DATASET EXTRACT -
########################################

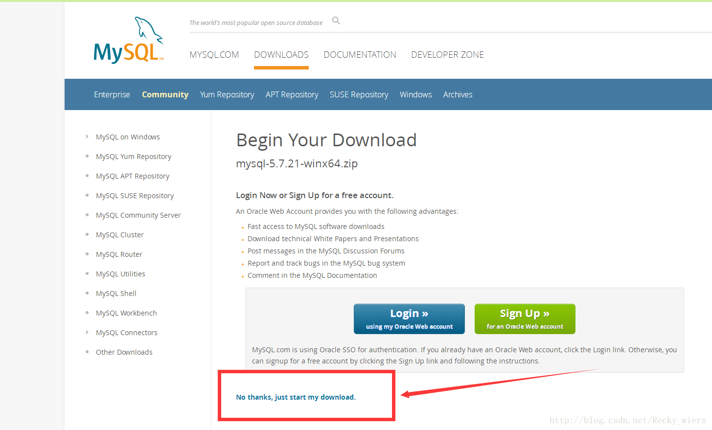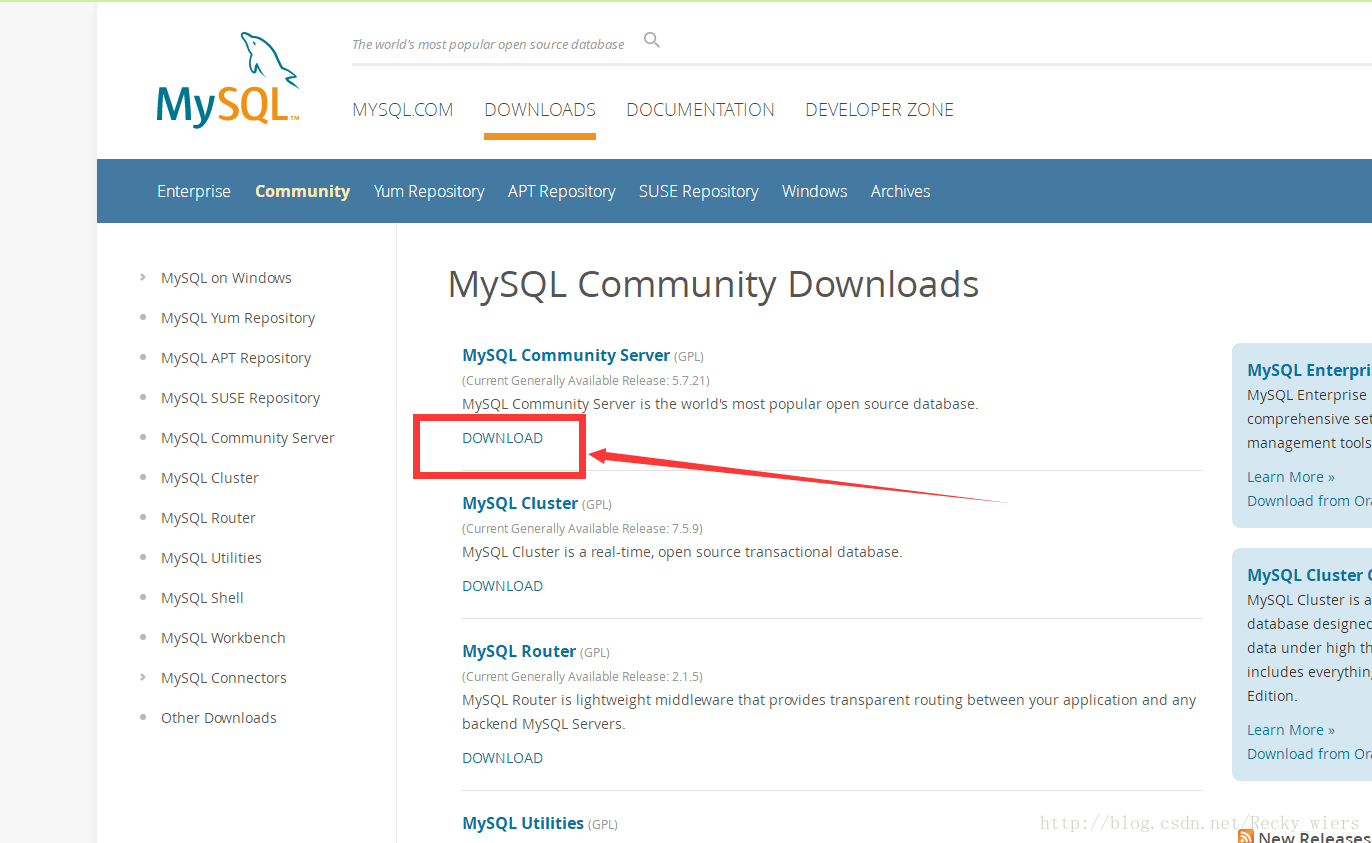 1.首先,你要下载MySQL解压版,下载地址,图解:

########################################

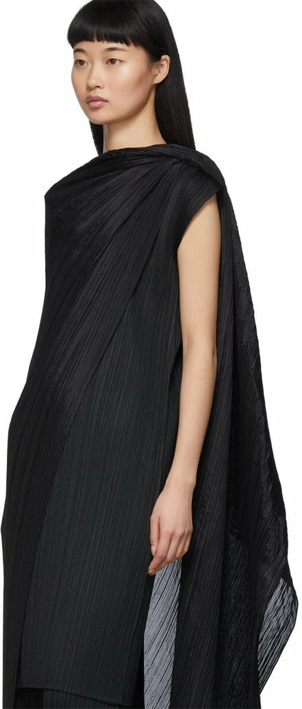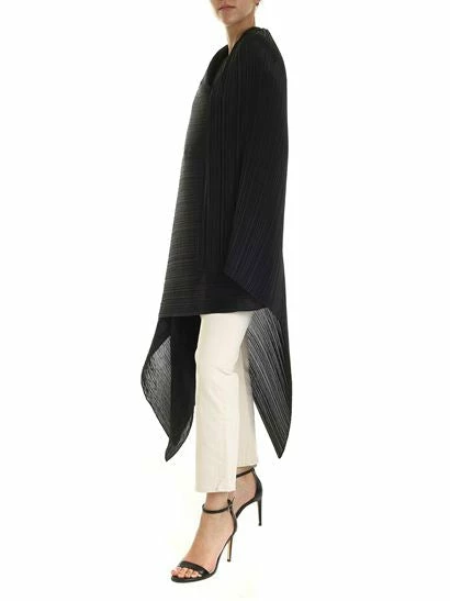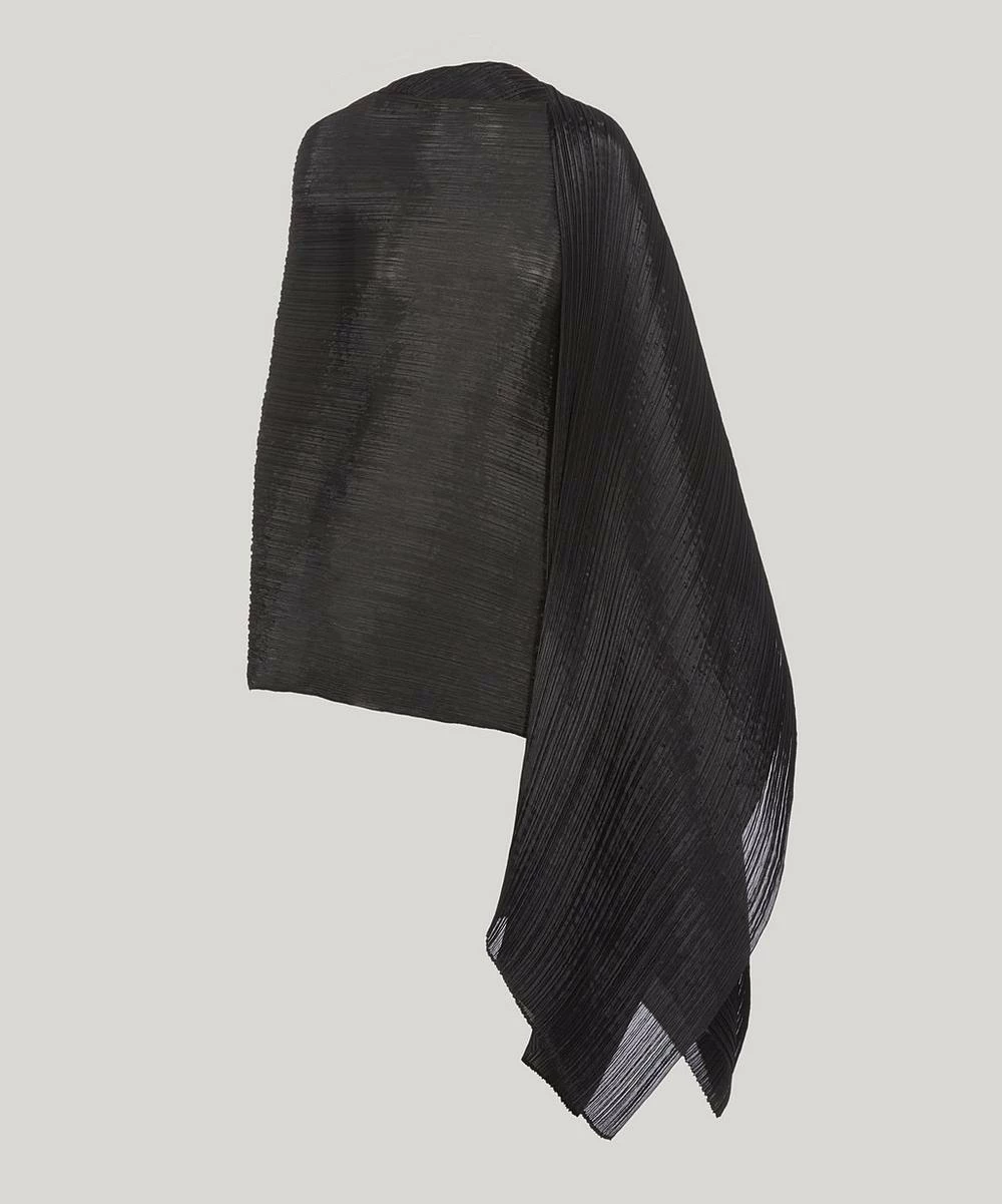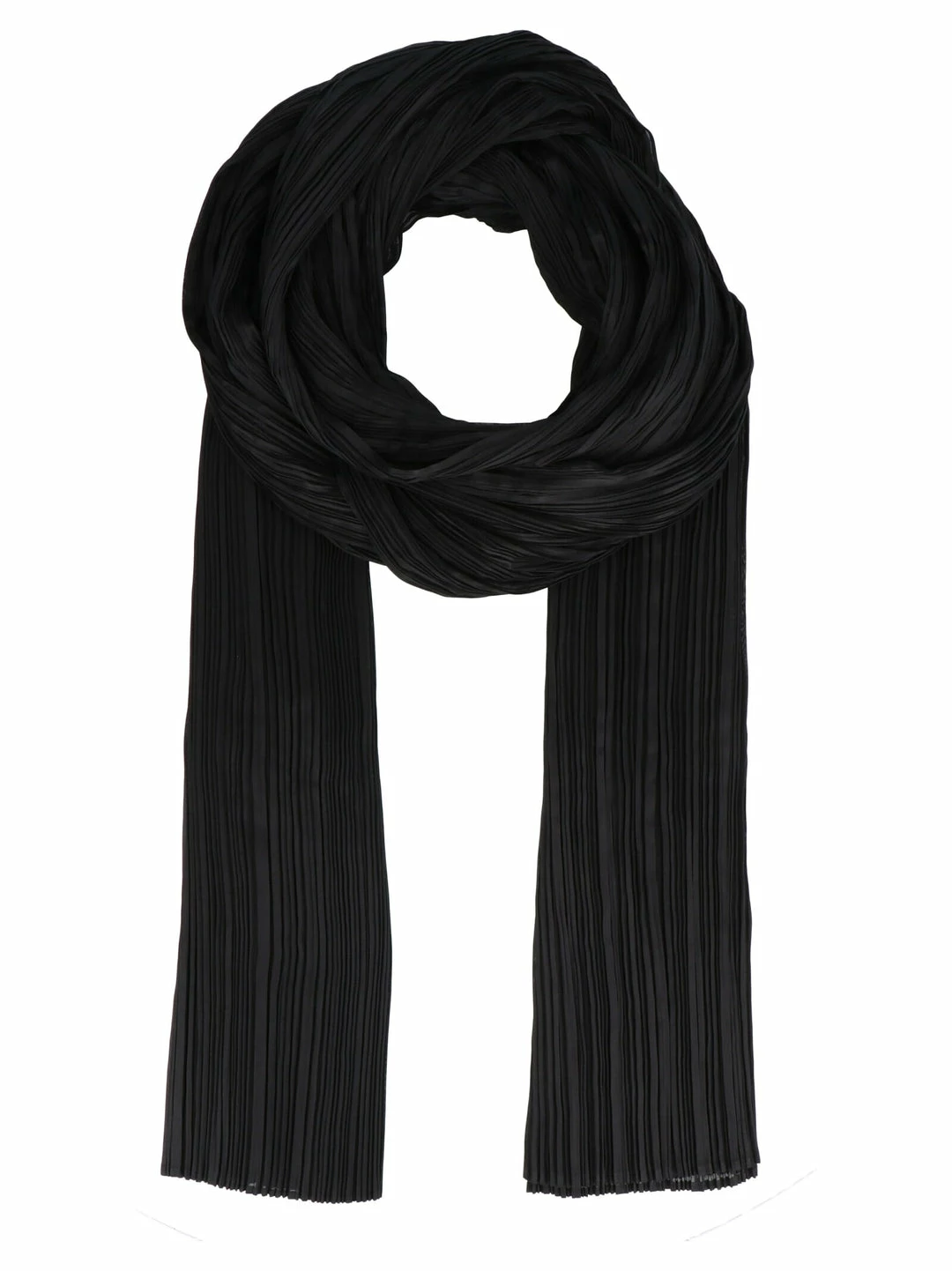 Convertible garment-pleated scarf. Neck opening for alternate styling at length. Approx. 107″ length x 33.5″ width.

########################################

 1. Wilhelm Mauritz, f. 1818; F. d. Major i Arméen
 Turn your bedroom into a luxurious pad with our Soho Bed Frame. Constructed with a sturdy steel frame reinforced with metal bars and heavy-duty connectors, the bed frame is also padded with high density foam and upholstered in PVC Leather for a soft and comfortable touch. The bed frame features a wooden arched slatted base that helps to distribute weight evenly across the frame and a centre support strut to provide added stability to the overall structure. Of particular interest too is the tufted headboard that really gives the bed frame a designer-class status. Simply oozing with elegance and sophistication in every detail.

########################################

WHAT NEEDS TO BE DONE -
Of the entries above, transcribe exactly those lines that fall between the line containing "1. Wilhelm Mauritz, f." and the line containing "Turn your bedroom", together with those two lines.

TASK RESPONSE -
 1. Wilhelm Mauritz, f. 1818; F. d. Major i Arméen
 Turn your bedroom into a luxurious pad with our Soho Bed Frame. Constructed with a sturdy steel frame reinforced with metal bars and heavy-duty connectors, the bed frame is also padded with high density foam and upholstered in PVC Leather for a soft and comfortable touch. The bed frame features a wooden arched slatted base that helps to distribute weight evenly across the frame and a centre support strut to provide added stability to the overall structure. Of particular interest too is the tufted headboard that really gives the bed frame a designer-class status. Simply oozing with elegance and sophistication in every detail.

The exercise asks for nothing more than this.